= Transgressive fiction =

Genre of literature

Transgressive fiction is a genre of literature which focuses on characters who feel confined by the norms and expectations of society and who break free of those confines in unusual or illicit ways.

==Literary context==
Because they are rebelling against the basic norms of society, protagonists of transgressive fiction may seem mentally ill, anti-social, or nihilistic. The genre deals extensively with taboo subject matters such as drugs, sexual activity, violence, incest, pedophilia, and crime. The genre of "transgressive fiction" was defined by Los Angeles Times literary critic Michael Silverblatt.

Michel Foucault's essay "A Preface to Transgression" (1963) provides an important methodological origin for the concept of transgression in literature.
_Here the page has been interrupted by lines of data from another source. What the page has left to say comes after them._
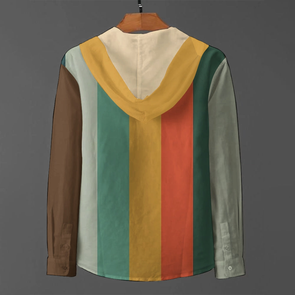 Men's Fun Cat Color Matching Art Printed Hooded Shirt 2408003245
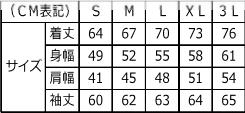 サイズ S M L LL 3L着 丈 64 67 70 73 76身 幅 49 52 55 58 61肩 幅 41 45 48 51 54袖 丈 60 62 63 64 65
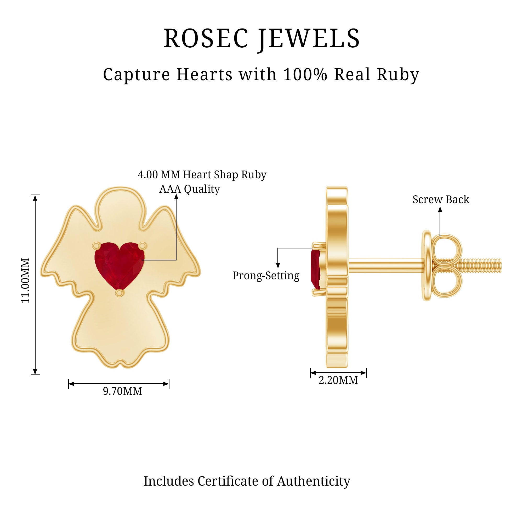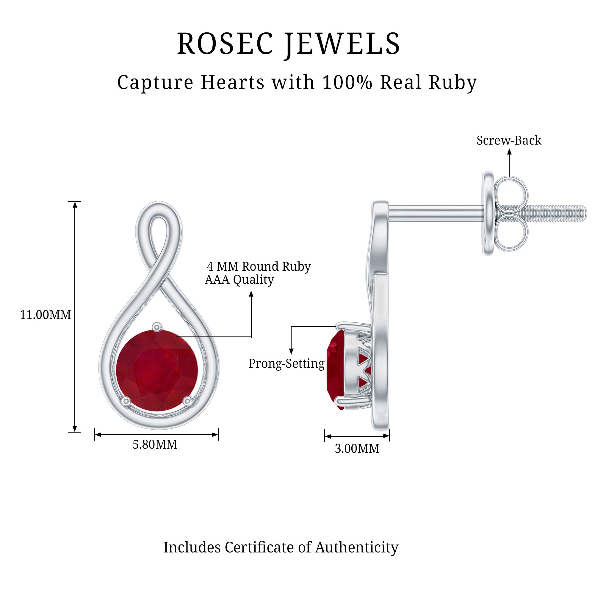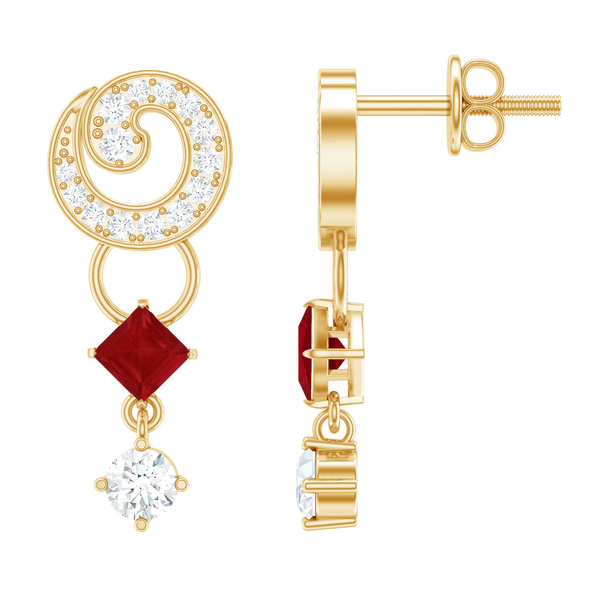 Selecting ruby as the focal point for earrings will be a worthy decision. Being a birthstone for July, Ruby is the true symbol of love, passion, health, and wealth, which also perfect for romantic gifts. This gem is renowned for its captivating deep red hue and ability to infuse passion into the wearer's life, ruby is capable of garnering instant attention.

The essay uses Story of the Eye by Georges Bataille as an example of transgressive fiction.

Rene Chun, a journalist for The New York Times, described transgressive fiction:

A literary genre that graphically explores such topics as incest and other aberrant sexual practices, mutilation, the sprouting of sexual organs in various places on the human body, urban violence and violence against women, drug use, and highly dysfunctional family relationships, and that is based on the premise that knowledge is to be found at the edge of experience and that the body is the site for gaining knowledge.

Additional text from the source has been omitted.